Whether one is preparing for his or her eventual demise, or that of an aging relative, one is normally in a superior position to have an enduring power of attorney, rather than being subjected to a court-appointed guardian. An enduring power of attorney allows individuals to control and implement their financial affairs after they have lost their mental facilities. Guardians will act in what they believe to be the individual’s best interest, but problems can arise if they have received no direction on your specific intentions.
A power of attorney allows an individual to have their financial affairs managed by a third party, but it does not ensure your finances will be managed in a manner consistent with your wishes. There are potential problems with a power of attorney as the holder of the document may abuse the power that has been granted by acting in a manner that is inconsistent with your wishes. It is also possible that the instructions were drafted in such a way that it was unclear regarding goals and objectives.

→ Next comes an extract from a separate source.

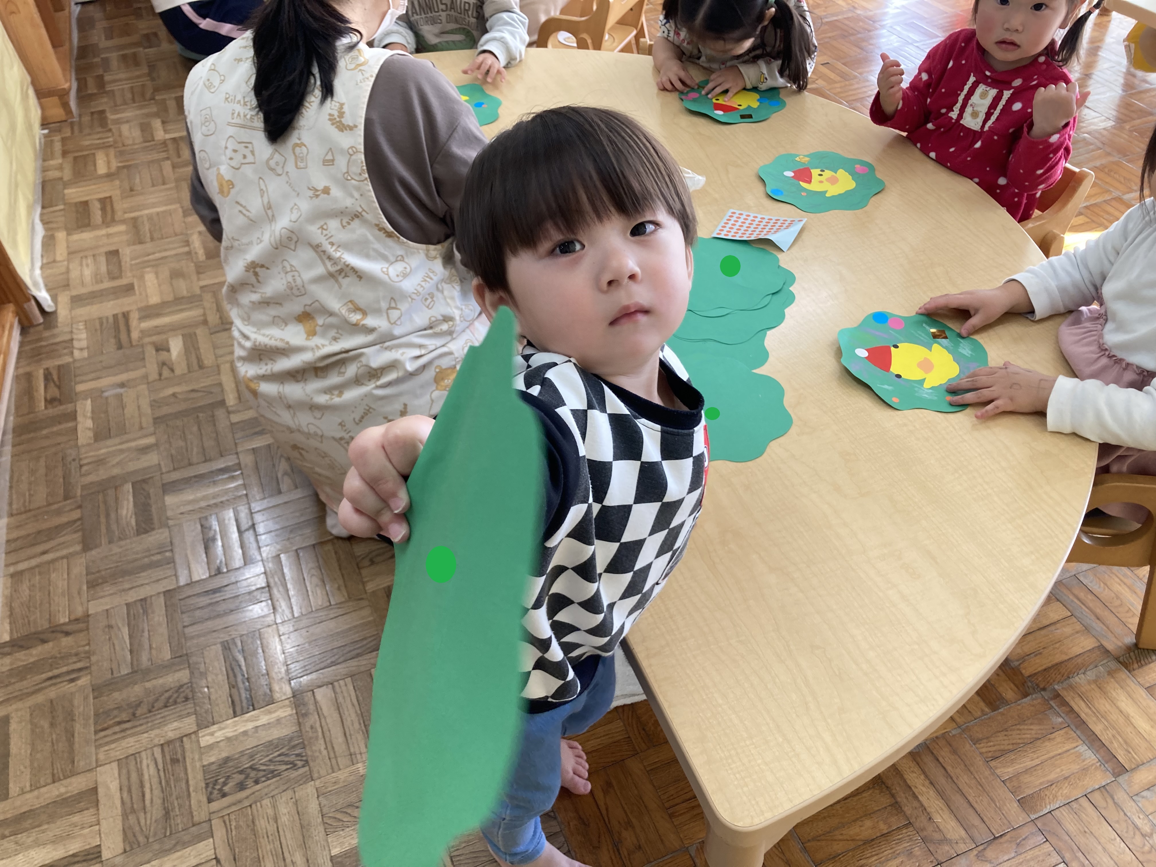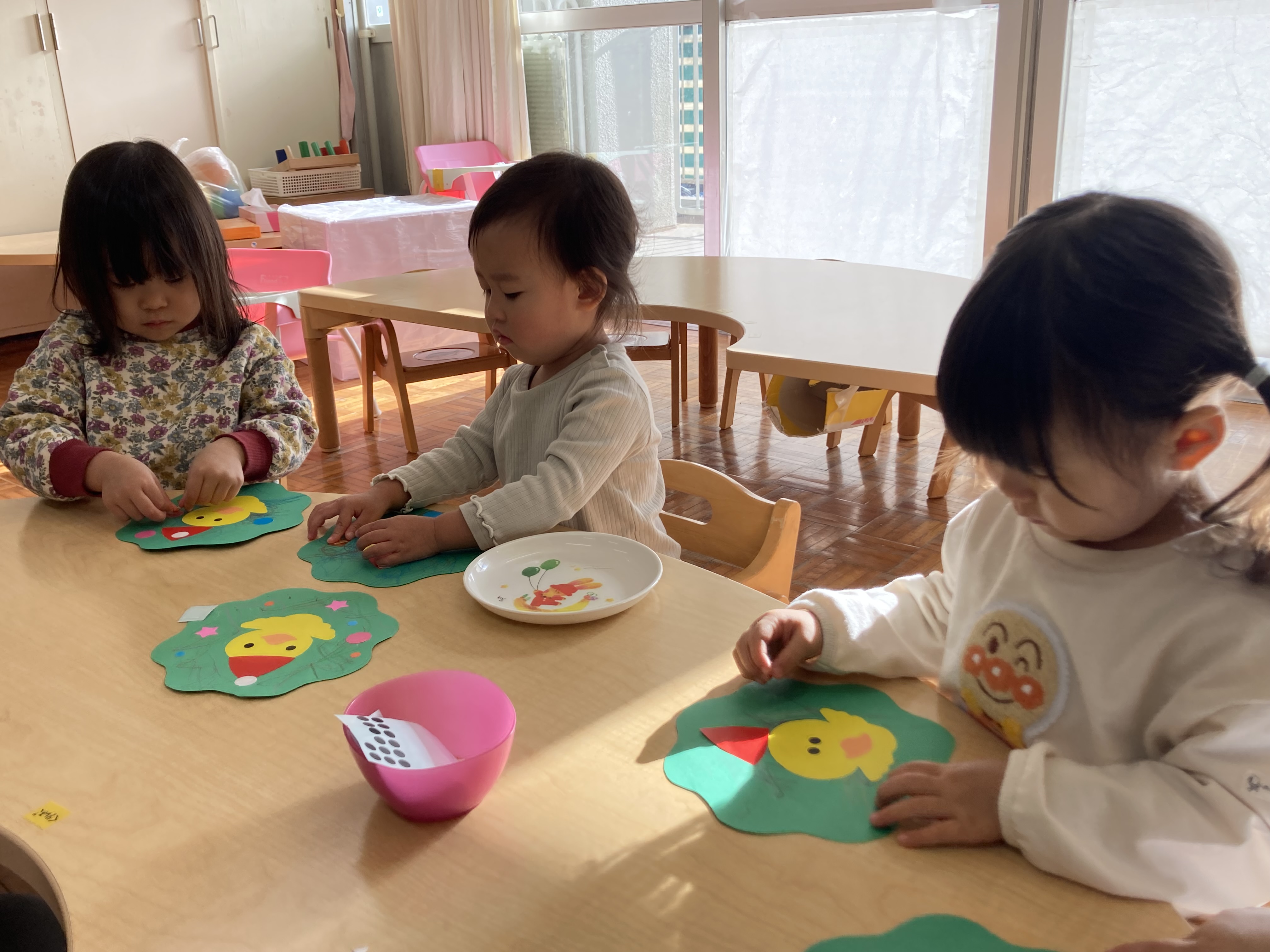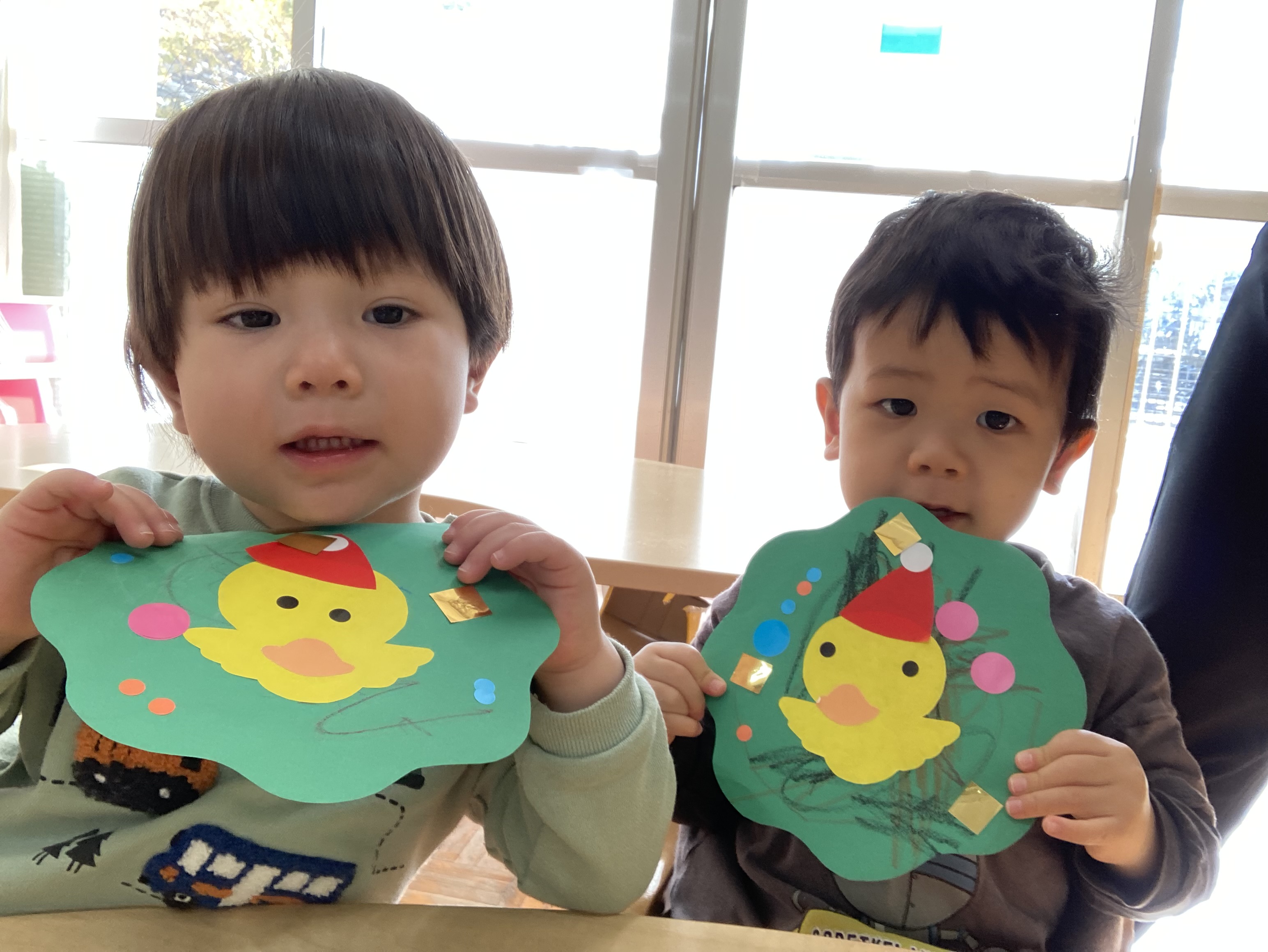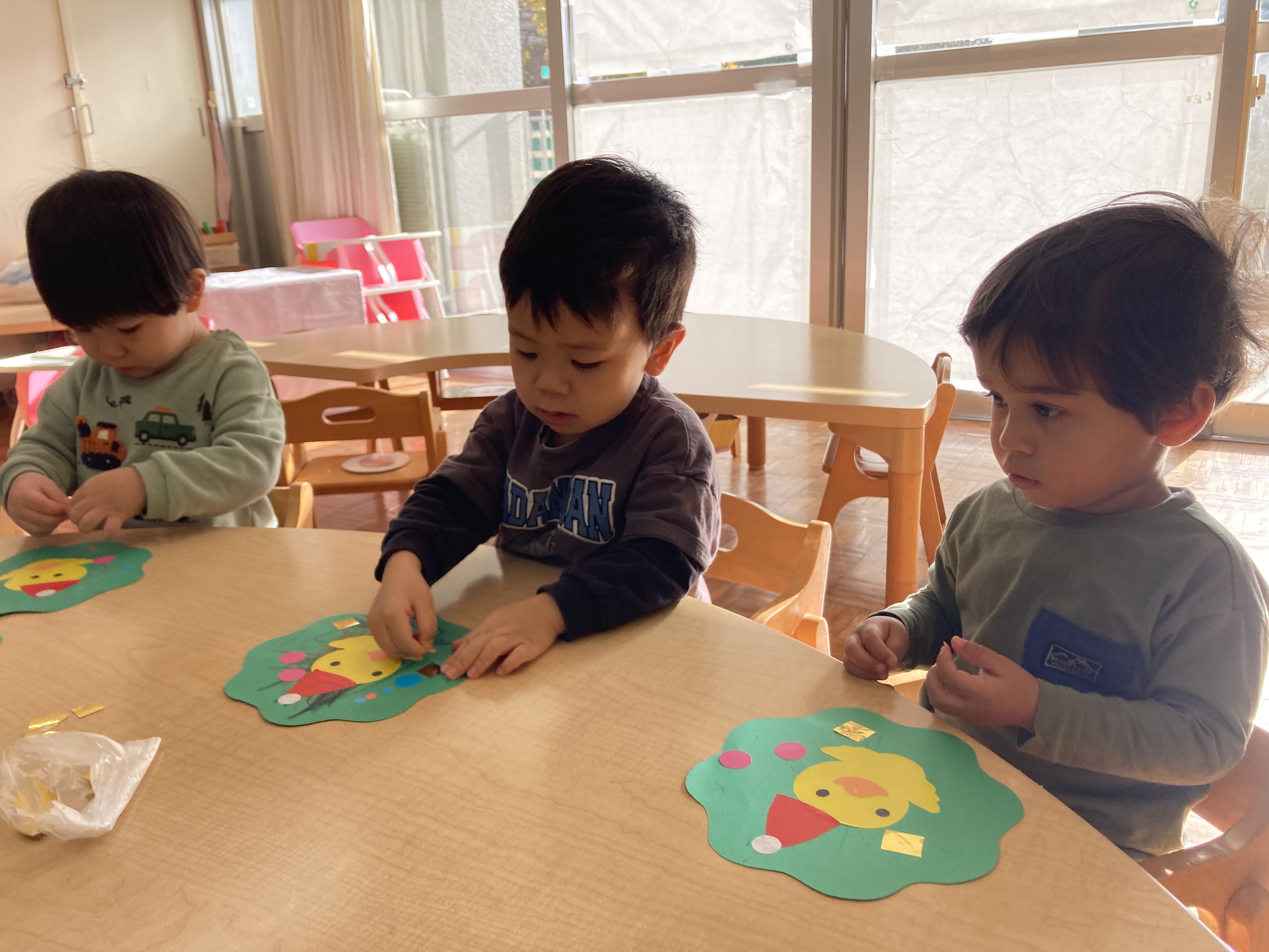1歳児 ひよこ組のお友達もクリスマス制作を楽しみました。

An agent acting in good faith may find it very difficult to make such decisions as:
- should the family home be sold
- should gifts or loans be made
- should assets be distributed to beneficiaries named in the will if there is a tax advantage or a real need of the beneficiary to receive the funds prior to the death of the individual
- how will investments be managed
A typical abuse of a power of attorney occurs when an adult child has a power of attorney for an aging parent. The child has an immediate financial need and the parent has excess cash. Since the child may eventually inherit the parent’s assets, they may help themselves to mom’s bank account. The sad part is they are seldom caught.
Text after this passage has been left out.